Robert Dahl distingue entre: 1) “arreglos políticos” que son pautas de relaciones y conductas provisionales; 2) “prácticas” que constituyen algo habitual, y 3) “instituciones” que son reglas que se han concretado después de un largo existir de arreglos y de prácticas. “Cuando un país avanza desde un gobierno no democrático a otro democrático, los tempranos arreglos democráticos se convierten gradualmente en prácticas, que a su debido tiempo desembocan en instituciones asentadas”. (Dahl: “La democracia. Una guía para los ciudadanos”, Taurus, 1999). Hay una relación muy estrecha entre Institución y Constitución.

Las constituciones se construyen basadas en estas instituciones asentadas, coronan el proceso, están muy relacionadas a las formas en que los miembros de un estado o nación o comunidad se relacionan entre sí. En sentido estricto, las constituciones no cambian la forma de relacionarse los seres humanos, sino que dan sentido jurídico y político a las instituciones. Una Constitución es un pacto entre los miembros de una comunidad, estado o nación. Por lo tanto, modificar dicho pacto significa, o debe significar, que en la práctica se está constatando un divorcio entre la Constitución y las instituciones. O hay nuevas actividades, nuevas prácticas, nuevas instituciones que demandan que sean tomadas en cuenta por la Constitución.

Cambiar una Constitución no es garantía de más democracia o menos democracia, a menos que para reformarla se realice un proceso de consulta y concertación con la diversidad de sectores nacionales. Hay que tener evidencias de que los miembros del Estado realmente necesitan redefinir el pacto que les da sentido a la nación. Reformar la Constitución es hacer un proceso de reingeniería jurídico-política y social. En la actualidad, ¿hay posibilidades reales de llevar a cabo un proceso de esta naturaleza? Creo que no. Hay que olvidarse de reformar la Constitución.
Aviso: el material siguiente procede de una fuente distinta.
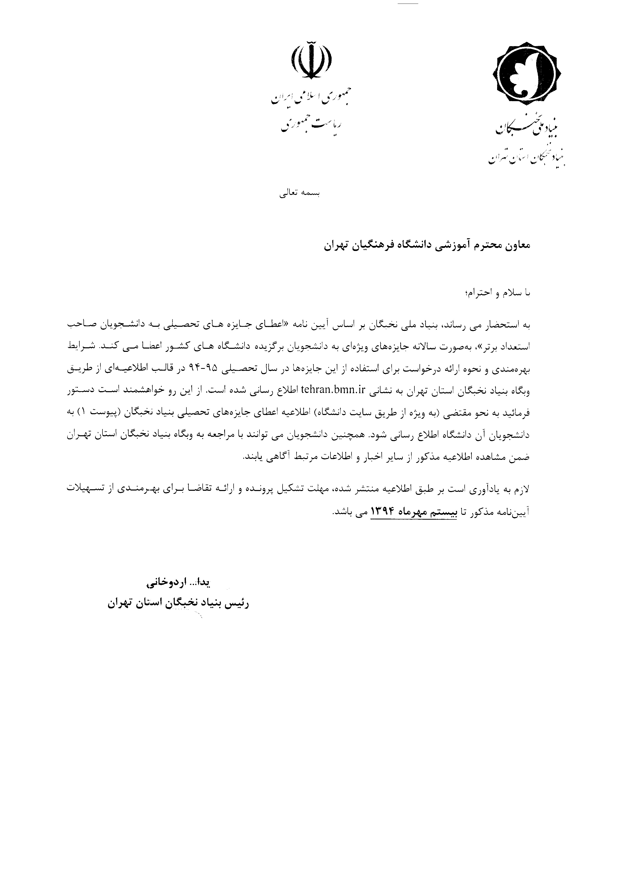 اطلاعیه مهم بنیاد ملی نخبگان

Quienes quieren una sociedad dominicana más democrática, deberían concentrar sus fuerzas en ver cómo pueden contribuir a que el “país avance desde un gobierno no democrático a otro democrático, logrando que los arreglos democráticos se conviertan en prácticas, para que estas desemboquen en instituciones asentadas”. Luego comencemos a pensar en cambiar la Constitución para dar sedimento a esas instituciones democráticas.

Los que están promoviendo una Reforma Constitucional con los mismos legisladores que incluyeron la reelección y que ofrecieron aquel triste espectáculo hace dos años -en el que se evidenció mucha estulticia y clientelismo- están liberando los demonios de la Caja de Pandora y corren el riesgo de ser vencidos y arrastrados, con todo y demonios, a la caja. Con la actual correlación de fuerzas, la Reforma Constitucional se inclinará hacia el clientelismo y el autoritarismo. Sería bueno que la elite política y social dominicana deje de hablar de Reforma Constitucional por los próximos ocho años. Le ahorraríamos mucha energía social al país.